Exercise objective:
Everything below from the line with "다른 자료들을 확인해보면, Run/Debug" through the line with "在检索前后增加预处理(如查询重写)和后处理(如结果重排),提升信息相关性。" should be copied exactly, and nothing else; leave out the pictures.

Listed entries:

★ ★ ★ ★

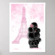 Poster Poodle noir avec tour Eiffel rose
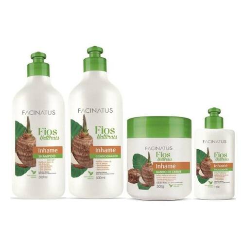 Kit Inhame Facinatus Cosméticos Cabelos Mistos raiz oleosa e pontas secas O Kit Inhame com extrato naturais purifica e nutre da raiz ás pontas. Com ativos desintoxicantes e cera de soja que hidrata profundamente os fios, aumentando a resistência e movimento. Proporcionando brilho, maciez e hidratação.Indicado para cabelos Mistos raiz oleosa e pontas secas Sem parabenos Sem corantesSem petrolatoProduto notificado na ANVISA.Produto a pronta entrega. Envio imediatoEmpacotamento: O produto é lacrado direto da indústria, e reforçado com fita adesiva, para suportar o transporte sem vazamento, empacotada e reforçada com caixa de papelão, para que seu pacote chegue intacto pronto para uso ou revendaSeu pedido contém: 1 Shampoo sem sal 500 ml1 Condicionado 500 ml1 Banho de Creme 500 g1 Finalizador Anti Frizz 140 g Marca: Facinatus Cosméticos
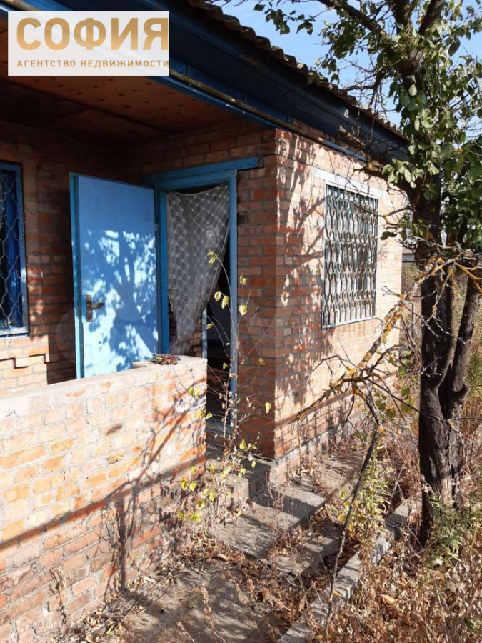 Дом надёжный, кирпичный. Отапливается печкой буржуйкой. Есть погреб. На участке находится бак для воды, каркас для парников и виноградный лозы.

★ ★ ★ ★

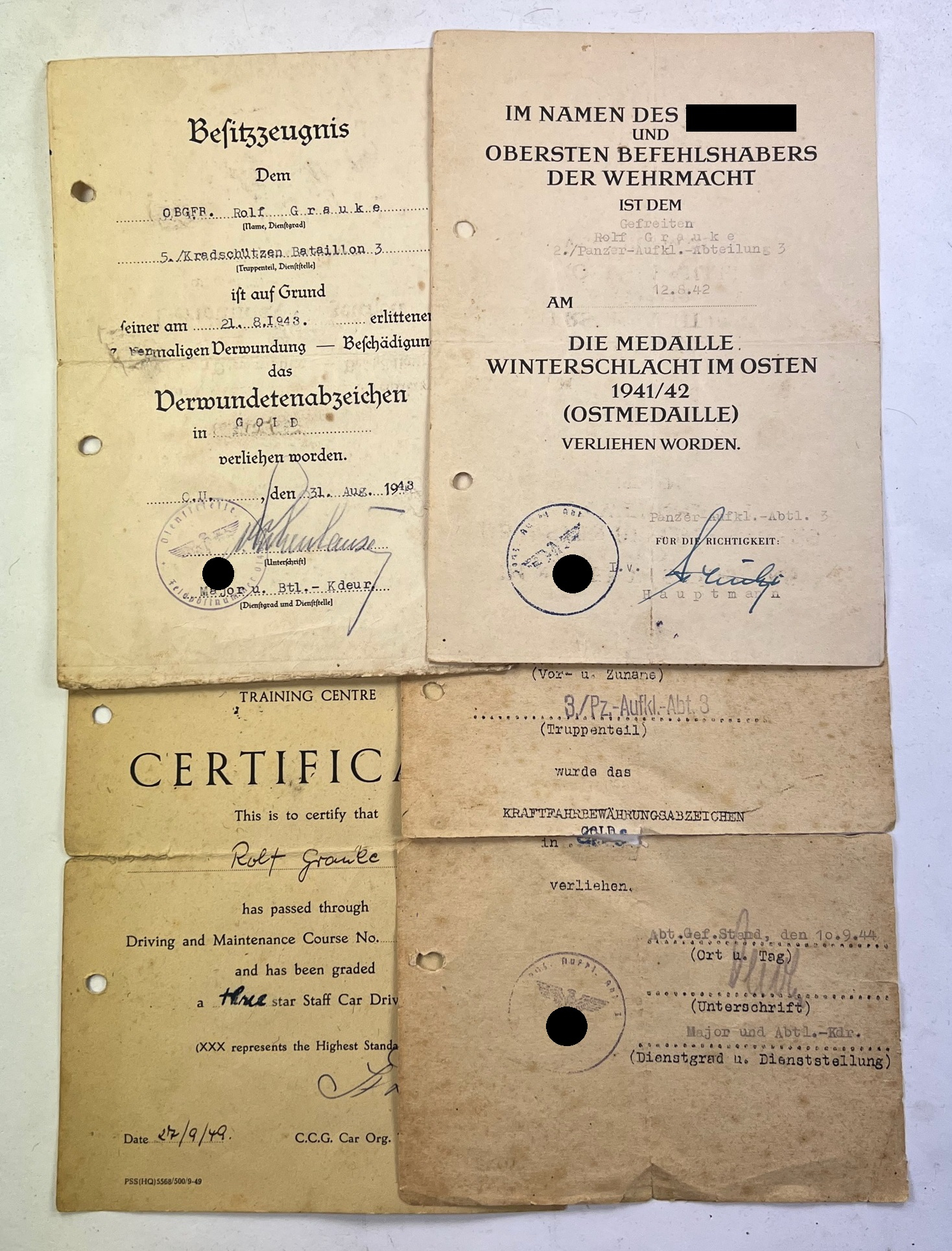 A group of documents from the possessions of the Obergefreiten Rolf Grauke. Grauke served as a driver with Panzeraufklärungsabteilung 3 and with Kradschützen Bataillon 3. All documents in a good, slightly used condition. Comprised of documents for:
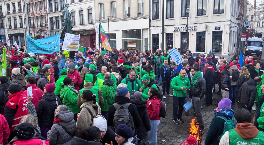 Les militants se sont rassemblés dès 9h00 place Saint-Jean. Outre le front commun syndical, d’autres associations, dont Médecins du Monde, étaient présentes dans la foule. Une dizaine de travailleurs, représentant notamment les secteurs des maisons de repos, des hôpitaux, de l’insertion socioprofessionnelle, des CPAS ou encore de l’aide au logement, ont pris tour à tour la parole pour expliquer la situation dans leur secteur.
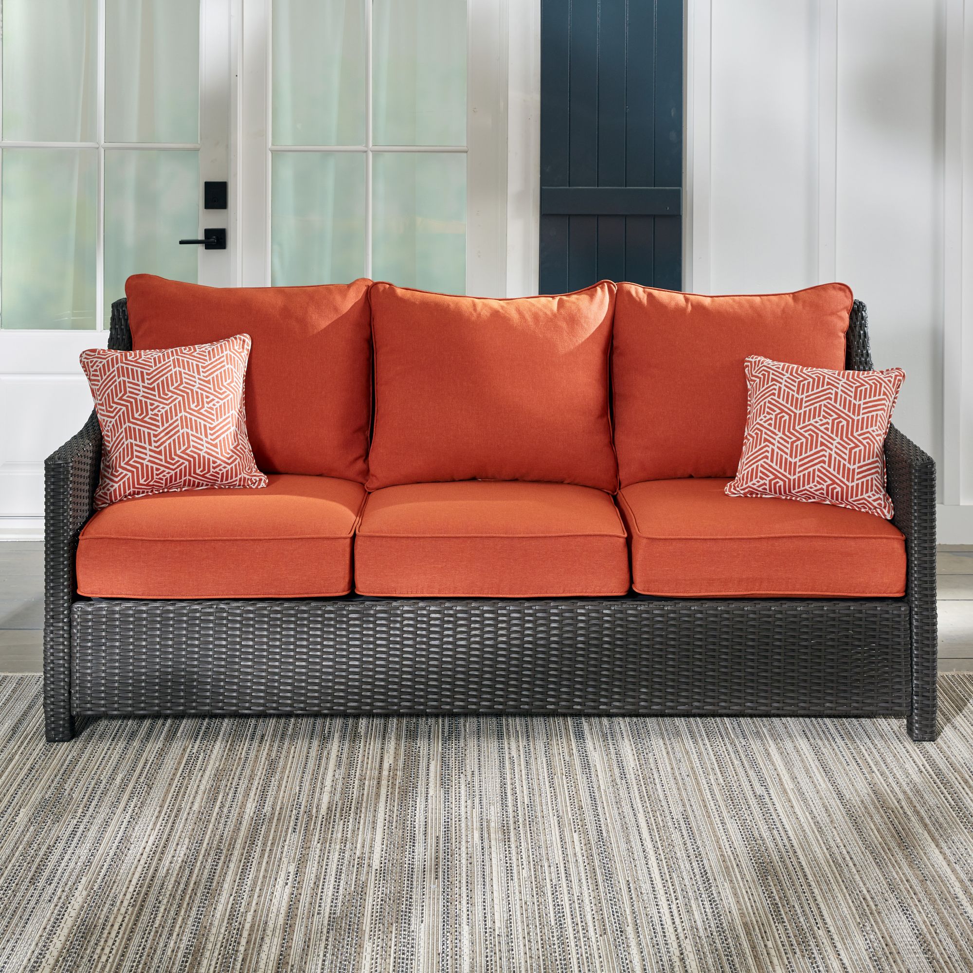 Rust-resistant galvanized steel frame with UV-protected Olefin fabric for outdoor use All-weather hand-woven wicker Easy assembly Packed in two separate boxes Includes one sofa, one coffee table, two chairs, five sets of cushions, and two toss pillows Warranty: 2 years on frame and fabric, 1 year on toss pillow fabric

★ ★ ★ ★

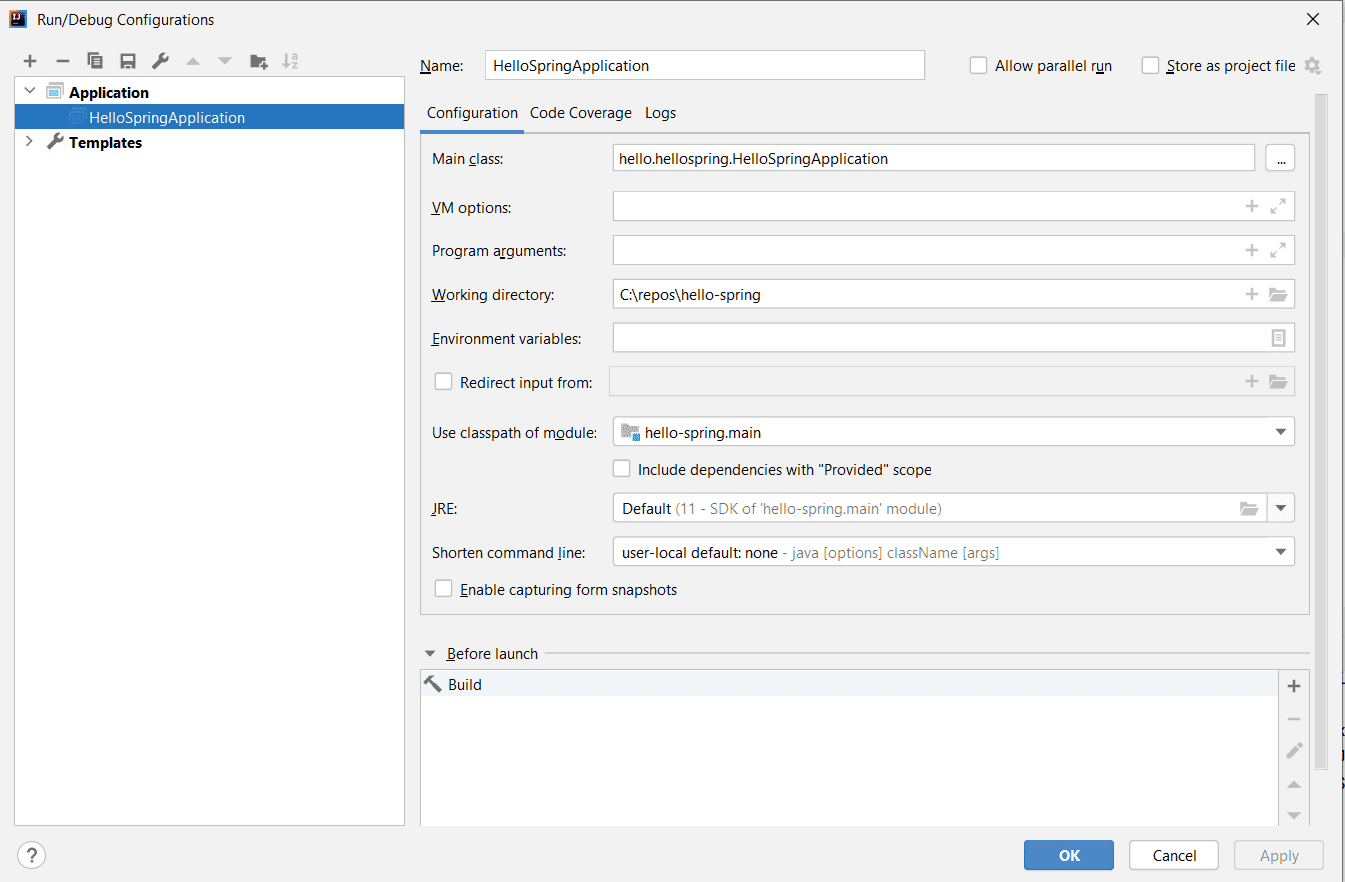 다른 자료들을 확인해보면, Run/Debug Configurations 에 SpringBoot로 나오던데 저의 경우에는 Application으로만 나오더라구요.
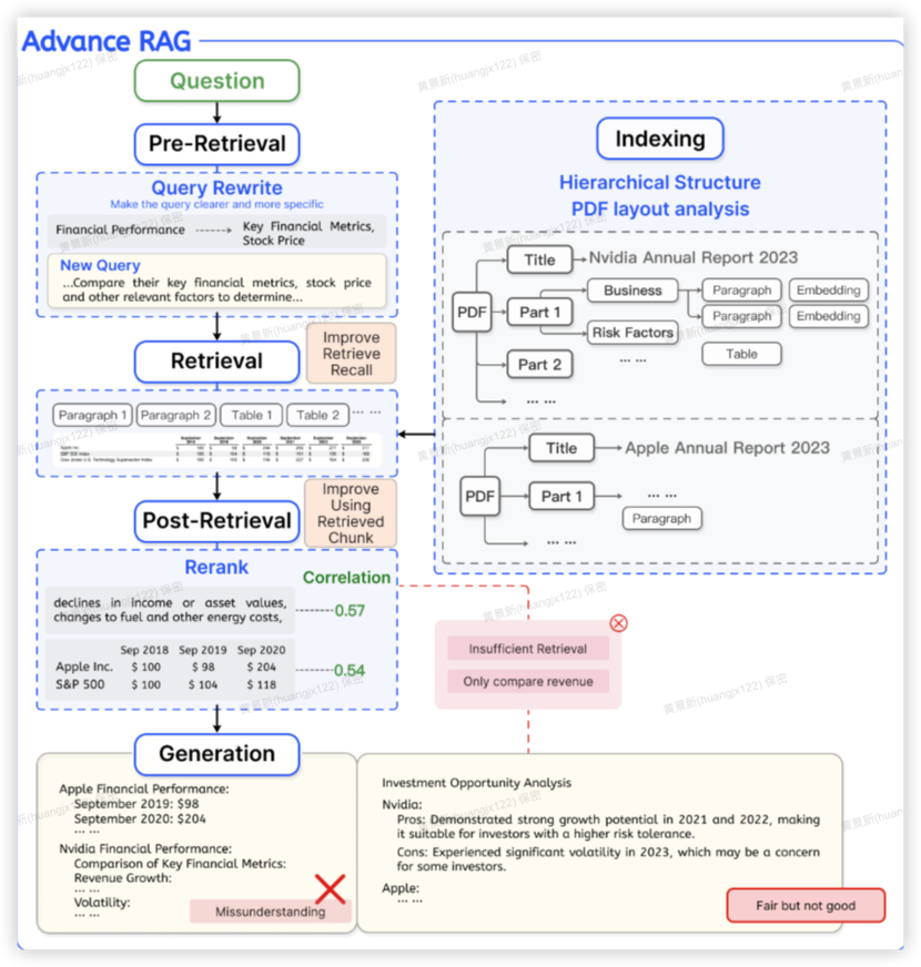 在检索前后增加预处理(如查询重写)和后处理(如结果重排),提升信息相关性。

★ ★ ★ ★

Task response:
 다른 자료들을 확인해보면, Run/Debug Configurations 에 SpringBoot로 나오던데 저의 경우에는 Application으로만 나오더라구요.
 在检索前后增加预处理(如查询重写)和后处理(如结果重排),提升信息相关性。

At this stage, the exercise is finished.